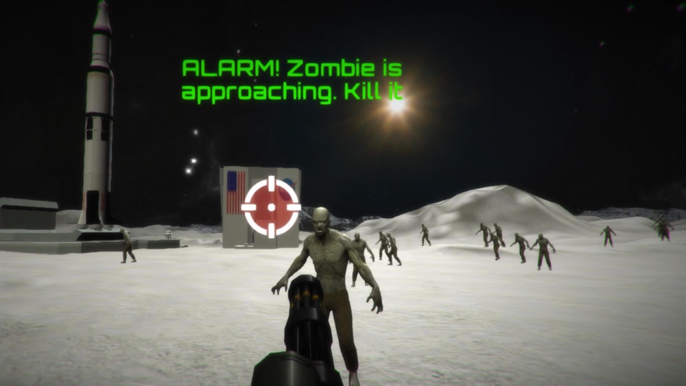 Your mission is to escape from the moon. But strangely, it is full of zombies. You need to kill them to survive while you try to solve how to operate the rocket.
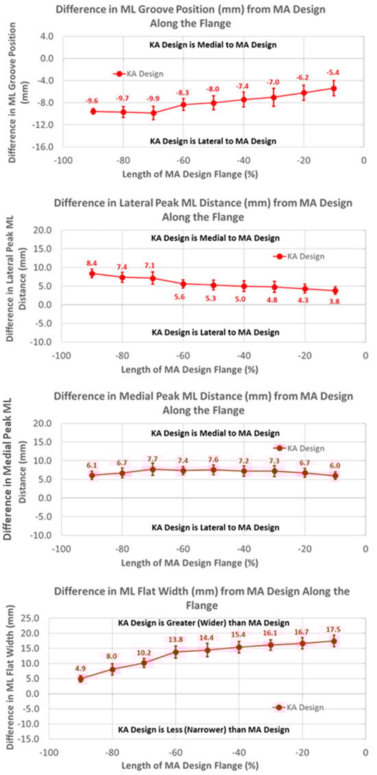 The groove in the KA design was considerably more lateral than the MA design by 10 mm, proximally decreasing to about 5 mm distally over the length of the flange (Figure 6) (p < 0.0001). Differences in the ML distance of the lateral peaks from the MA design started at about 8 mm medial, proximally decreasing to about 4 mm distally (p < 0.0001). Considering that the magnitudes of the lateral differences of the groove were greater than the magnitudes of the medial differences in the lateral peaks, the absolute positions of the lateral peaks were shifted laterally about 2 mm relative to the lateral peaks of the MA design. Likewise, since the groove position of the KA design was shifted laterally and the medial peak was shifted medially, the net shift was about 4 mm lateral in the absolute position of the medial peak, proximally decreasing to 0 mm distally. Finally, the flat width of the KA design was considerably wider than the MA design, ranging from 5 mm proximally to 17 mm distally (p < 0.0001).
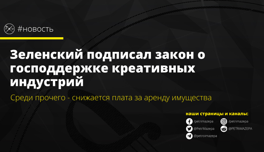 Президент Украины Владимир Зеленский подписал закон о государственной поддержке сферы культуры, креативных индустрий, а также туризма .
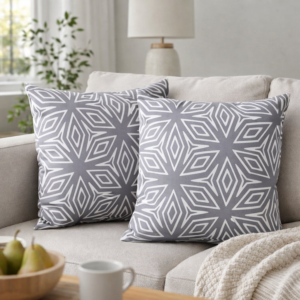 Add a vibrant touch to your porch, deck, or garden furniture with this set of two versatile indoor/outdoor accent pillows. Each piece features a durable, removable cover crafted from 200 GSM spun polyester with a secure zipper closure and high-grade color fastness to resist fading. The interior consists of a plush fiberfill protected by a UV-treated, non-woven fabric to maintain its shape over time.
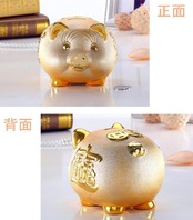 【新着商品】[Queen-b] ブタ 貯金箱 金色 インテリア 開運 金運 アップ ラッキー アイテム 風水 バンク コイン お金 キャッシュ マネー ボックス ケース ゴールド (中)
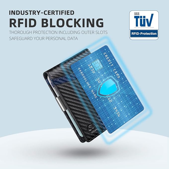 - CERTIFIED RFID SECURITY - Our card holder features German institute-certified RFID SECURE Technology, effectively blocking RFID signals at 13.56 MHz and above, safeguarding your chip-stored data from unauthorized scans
* * *
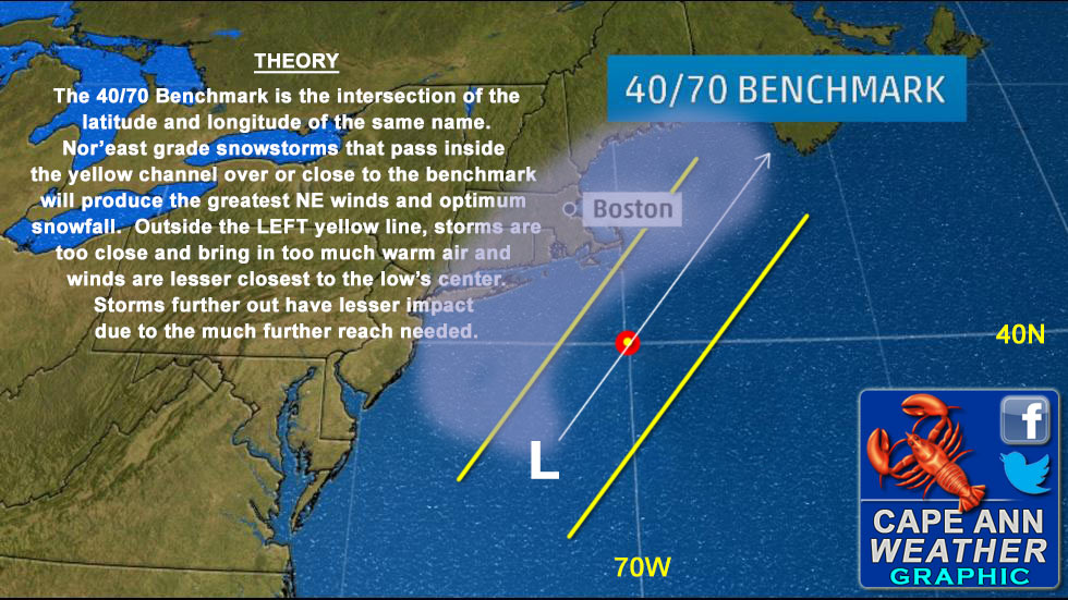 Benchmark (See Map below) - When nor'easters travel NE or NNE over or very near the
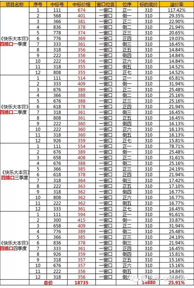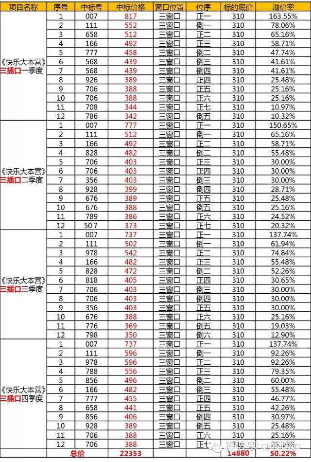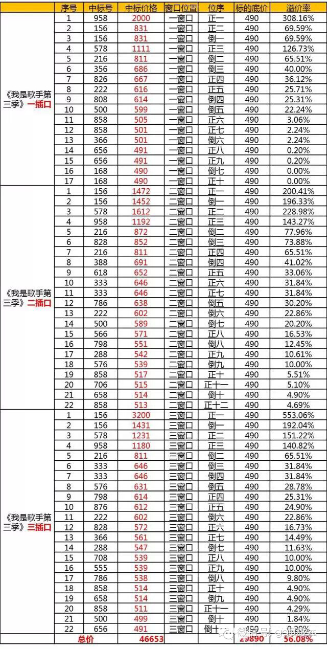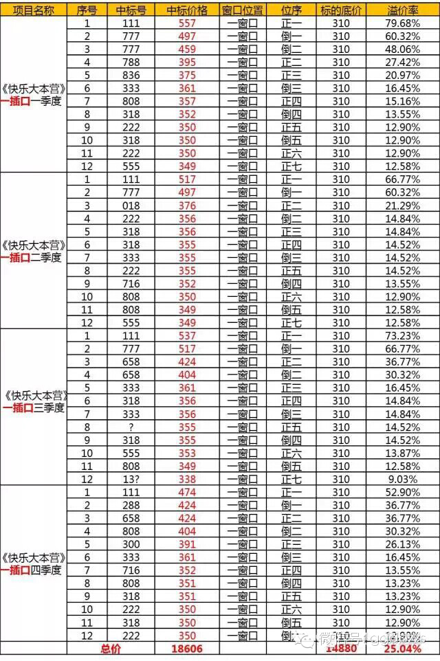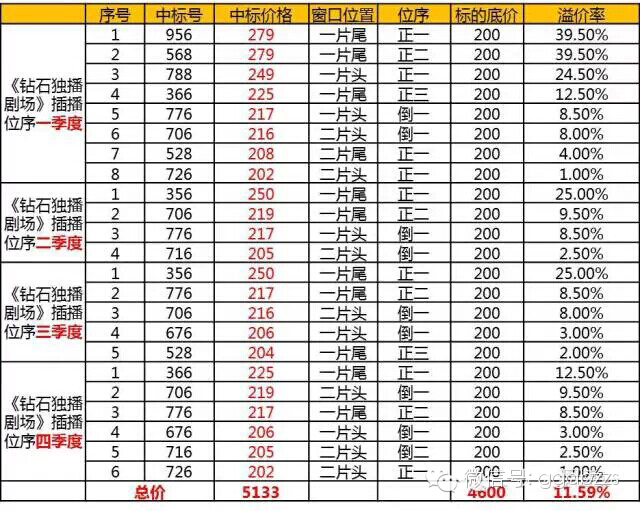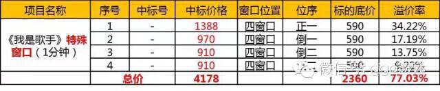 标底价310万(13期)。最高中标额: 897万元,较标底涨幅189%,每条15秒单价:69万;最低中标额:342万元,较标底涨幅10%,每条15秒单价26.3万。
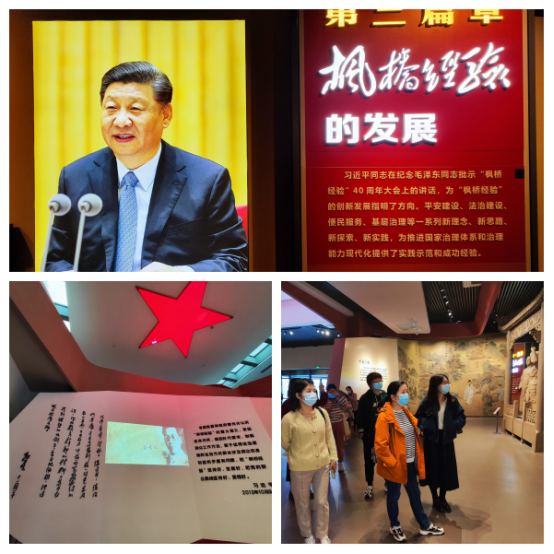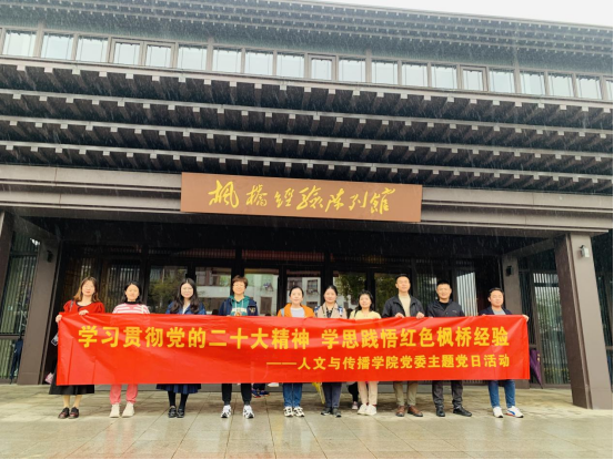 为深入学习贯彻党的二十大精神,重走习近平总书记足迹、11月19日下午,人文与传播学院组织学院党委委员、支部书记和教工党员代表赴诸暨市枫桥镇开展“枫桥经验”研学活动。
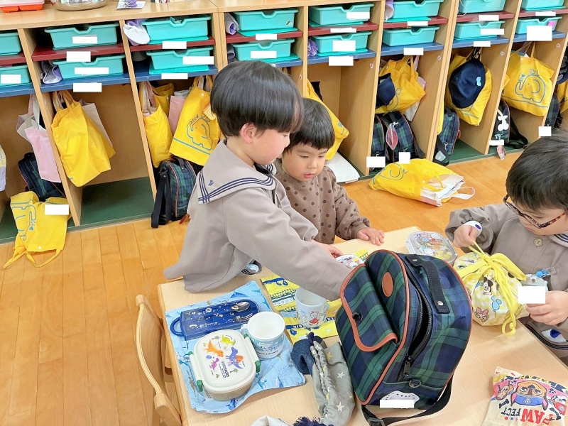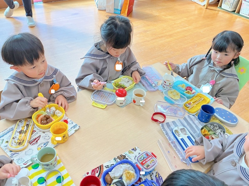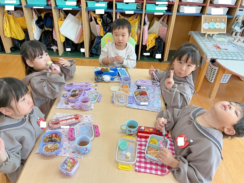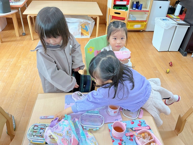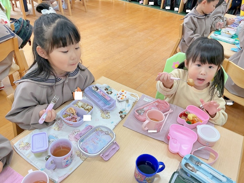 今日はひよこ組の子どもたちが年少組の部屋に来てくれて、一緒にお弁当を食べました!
* * *
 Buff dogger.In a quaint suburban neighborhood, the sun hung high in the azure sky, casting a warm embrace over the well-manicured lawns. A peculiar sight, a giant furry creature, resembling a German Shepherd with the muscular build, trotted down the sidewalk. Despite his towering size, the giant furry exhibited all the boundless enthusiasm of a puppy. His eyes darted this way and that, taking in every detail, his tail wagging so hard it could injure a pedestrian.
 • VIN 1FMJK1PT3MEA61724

◆ TO DO ◆
Pictures in the material above should be skipped; print exactly the lines from the one with "Add a vibrant" through the one with "- CERTIFIED RFID".

◆ YOUR RESPONSE ◆
 Add a vibrant touch to your porch, deck, or garden furniture with this set of two versatile indoor/outdoor accent pillows. Each piece features a durable, removable cover crafted from 200 GSM spun polyester with a secure zipper closure and high-grade color fastness to resist fading. The interior consists of a plush fiberfill protected by a UV-treated, non-woven fabric to maintain its shape over time.
 【新着商品】[Queen-b] ブタ 貯金箱 金色 インテリア 開運 金運 アップ ラッキー アイテム 風水 バンク コイン お金 キャッシュ マネー ボックス ケース ゴールド (中)
 - CERTIFIED RFID SECURITY - Our card holder features German institute-certified RFID SECURE Technology, effectively blocking RFID signals at 13.56 MHz and above, safeguarding your chip-stored data from unauthorized scans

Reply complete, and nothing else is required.